Vorrei ringraziare il Consigliere federale Ignazio Cassis per avere accettato volentieri l’invito a partecipare alla nostra assemblea annuale. Caro Ignazio la tua presenza qui oggi a Lugano ci onora particolarmente. Sono sicuro – e lo stai già dimostrando concretamente – che la tua presenza in Consiglio federale rappresenta un valore aggiunto non solo per la Svizzera italiana ma anche per il resto della Svizzera. Sei a capo ora di un Dipartimento – gli Affari esteri – molto importante per il nostro paese e per la nostra economia. Noi tutti confidiamo nelle tue indubbie capacità e viviamo con piacere la passione che metti in quello che fai. Una parte del successo della nostra economia dipende anche dalle buone politiche messe in atto dalla Confederazione. Gli imprenditori ne sono consapevoli.
Crediamo anche che la partecipazione dell’economia alla costruzione del benessere collettivo sia nell’interesse generale di tutta la nostra società. Sappi pertanto che gli imprenditori che si battono per un’economia sana e lungimirante saranno sempre a fianco di una politica altrettanto costruttiva che guarda al bene generale del Paese.

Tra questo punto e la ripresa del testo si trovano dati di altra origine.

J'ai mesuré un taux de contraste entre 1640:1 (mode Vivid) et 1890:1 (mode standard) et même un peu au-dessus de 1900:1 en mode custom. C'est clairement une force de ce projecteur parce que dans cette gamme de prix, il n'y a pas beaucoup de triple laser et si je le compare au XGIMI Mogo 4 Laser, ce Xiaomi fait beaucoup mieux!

Prima di affrontare i temi centrali della mia relazione, mi preme ricordare che questo fine settimana ha luogo un’importante votazione cantonale sul pacchetto fiscale e sociale, che invito tutti a sostenere. Chi non si è ancora espresso per corrispondenza non faccia mancare il proprio voto!
Si tratta infatti di un passo necessario per permettere al Ticino di rientrare nella media nazionale a livello fiscale. Purtroppo il nostro Cantone è scivolato nelle ultime posizioni della competitività fiscale in Svizzera e se non invertiremo la rotta, con l’abbandono dei regimi fiscali speciali a livello cantonale rischiamo di perdere buoni contribuenti che priviligieranno inevitabilmente altri Cantoni o altre nazioni.

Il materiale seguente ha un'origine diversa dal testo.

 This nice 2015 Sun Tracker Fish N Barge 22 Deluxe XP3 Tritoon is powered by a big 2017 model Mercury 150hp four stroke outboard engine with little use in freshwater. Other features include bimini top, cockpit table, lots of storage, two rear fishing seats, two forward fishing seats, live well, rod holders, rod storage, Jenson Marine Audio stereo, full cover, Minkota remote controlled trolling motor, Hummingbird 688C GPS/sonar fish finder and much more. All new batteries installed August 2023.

La conseguenza sarà un appesantimento della fiscalità generale a carico di chi rimane sul territorio, dunque principalmente le piccole e medie imprese e il ceto medio.

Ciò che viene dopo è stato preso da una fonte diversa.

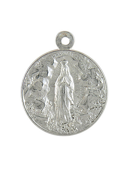 Ein schöner Begleiter ist diese feingeprägte Medaille Unserer Lieben Frau von Lourdes, auf der Rückseite ist die Abbildung Herz Jesu. - Zusatzinformation

Non si tratta affatto di un regalo ai ricchi come è stato definito impropriamente. Il pacchetto fiscale è il risultato di un patto di paese fra aziende, cittadini e Stato. Il miglioramento della fiscalità sulla sostanza delle persone fisiche e sul capitale delle persone giuridiche è nell’interesse di tutti i contribuenti. Il supporto agli investimenti in aziende innovative risponde all’obiettivo di sostenere sempre più la creazione di posti di lavoro qualificati sul territorio. D’altra parte, con l’entrata in vigore di diverse misure sociali, interamente finanziate dalle aziende, rispondiamo alle esigenze concrete di molte famiglie ticinesi che vogliono meglio gestire la conciliabilità fra lavoro e famiglia. Un’operazione “win win” che non svuota affatto le casse pubbliche, bensì consolida il gettito fiscale e permette allo Stato di continuare a offrire alla collettività servizi pubblici di buon livello.
È per me un piacere potervi dare il benvenuto a questa 56ma Assemblea AITI. Filo conduttore della mia relazione è l’agenda che il mondo economico, le istituzioni e la politica e i cittadini devono mettere in atto per costruire il Ticino del futuro, quale parte integrante della Svizzera ma anche una regione economica importante a livello europeo e internazionale.
La mia sarà una descrizione dell’Agenda per l’industria e la crescita dell’economia cantonale che incentrerò su quattro temi, inevitabilmente legati tra di loro.
- L’industria nella trasformazione moderna
- Il ruolo degli imprenditori e dei lavoratori
- Un nuovo patto fra le parti sociali
- I temi che devono essere al centro dell’agenda politica
- L’industria nella trasformazione moderna
Viviamo un’epoca nella quale alle imprese e agli imprenditori viene richiesto di soddisfare numerose esigenze, ma non dimentichiamoci che lo scopo primario di ogni impresa è rimasto immutato nei secoli: fare profitto.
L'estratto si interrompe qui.